Mais le vieux Chris Dostie avait bon cœur et a été capable de se racheter en appliquant sur Zara – ainsi la surnomme-t-on à Sainte-Hirsute-des-Filles-d’Isabelle – un Shamwow! Zara en a toujours été reconnaissante au vieux Chris Dostie et leur amitié a survécu à cet épisode douloureux.
– Zara?, dit la vieille Mathilde au téléphone.
– C’est qui qui parle? dit Zara.
– C’est moé!
– Qui ça, moé?
– Ben c’est toé qui me parles parce que j’ai décidé de t’appeler.
– Hein! Chu pas réveillée! Faut pas trop me demander d’efforts quand la journée commence.
– C’est la vieille Mathilde, ta voisine!
– Ah! Ciboère! Excuse-moé! T’avais pas reconnu!
Ainsi parlait Zarathoustra, elle et ses chroniques problèmes de mémoire.
– Ça te tente-tu d’aller déjeuner au resto? demanda la vieille Mathilde à sa voisine.
– Ouais… J’m’habille pis on y va.
– Ok, j’arrive dans cinq minutes!
La vieille Mathilde revêtit alors son habit d’homme-grenouille et arriva chez Zarathoustra à l’heure prévue, laissant la mouffette s’exciter dans le salon pendant que l’orage commençait à montrer peu à peu de sa puissance réelle dans ce coin du rang Double de Sainte-Hirsute-des-Filles-d’Isabelle.
La pluie était si intense et le vent si fort que la vieille Mathilde eut à nager contre le vent pour finalement arriver chez Zarathoustra. L’orage frappait encore très fort quand la vieille Mathilde frappa à la porte de son amie. De son côté, Zara était cachée sous sa table et eut de la difficulté à démêler les sons des coups de tonnerre des coups que la vieille Mathilde portait à sa porte, elle qui cognait toujours très fort sur les portes des maisons qu’elle visitait.
– Non, monsieur le tonnerre, y’a parsonne qui vit icitte. Va-t’en chez vous!, cria Zarathoustra à l’orage, qui n’en avait rien à foutre de ses récriminations et qui redoublait d’intensité.
– C’est moé, osti!, déclara la vieille Mathilde.
– Ah! C’est toé! Vite, rentre pis déshabille-toé!
La vieille Mathilde s’exécuta et se déshabilla entièrement nue devant son amie.
– J’t’ai dit de juste enlever ton habit d’homme-grenouille, maudite épaisse! T’es déjà pas belle en partant, rajoutes-en pas!, dit Zarathoustra à son amie.
Les deux se parlaient souvent en gros termes dits très fort, mais cela n’affectait en rien leur amitié.
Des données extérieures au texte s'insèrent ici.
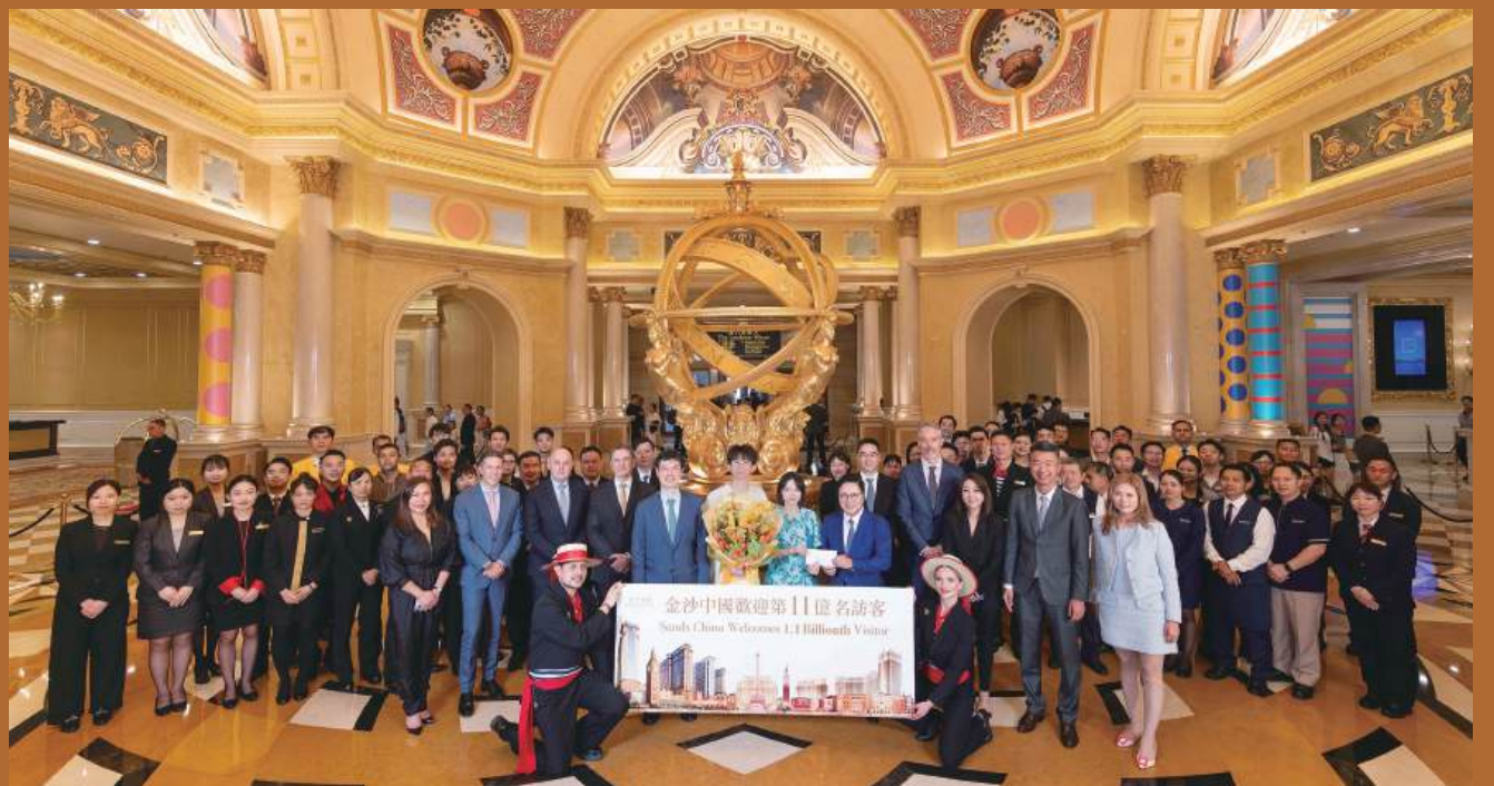
Sands China representatives pose at the integrated resort operator’s flagship property, The Venetian Macao, to celebrate the 1.1 billionth visitor (front, centre, holding a bouquet) to its local properties.

Sands China’s cumulative investment in Macau has exceeded 134.5 billion patacas, the statement said, adding that its integrated resorts offer over 10,000 hotel rooms, 150 dining options, and 760 retail outlets, altogether featuring

– Je l’sais bien que tu voulais juste que j’enlève mon habit. J’voulais juste faire une farce!, déclara la vieille Mathilde à son amie.
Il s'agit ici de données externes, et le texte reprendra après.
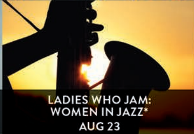
LADIES WHO JAM: WOMEN IN JAZZ* AUG 23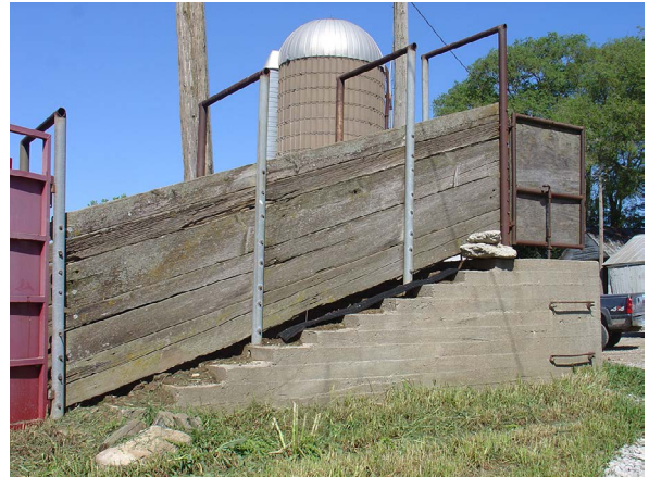
Figure 13. Permanently fixed loading ramps.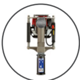
Gripple Petrol Driver

For more information contact us or visit our website www.gripple.com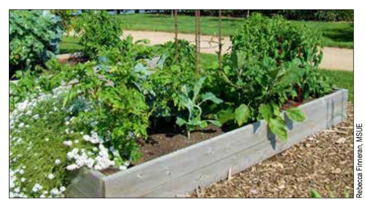
If drainage is an issue, raised beds can be very productive and easy to manage.

The site should be level and free of large roots and rocks. A level area will prevent water from running off and washing away seeds as well as soil erosion. Avoid low areas where water does not drain. For good plant health, roots require moisture, but also need oxygen. Standing water or heavily compacted soil does not allow roots to breath. Refer to the tip sheet on "Smart gardens begin with healthy soil" for more information on how to improve your soils.

Même si Zarathoustra ne trouvait pas drôle la blague impromptue de son amie, la laideur de la vieille Mathilde sembla calmer les éléments et l’orage cessa presque aussitôt. Cependant, le soleil garda un peu de nuages pour rester caché derrière eux, pendant que la vieille Mathilde se rhabillait et qu’elle et son amie prennent le chemin du restaurant Au bon Manger, le seul restaurant de Sainte-Hirsute-des-Filles-d’Isabelle.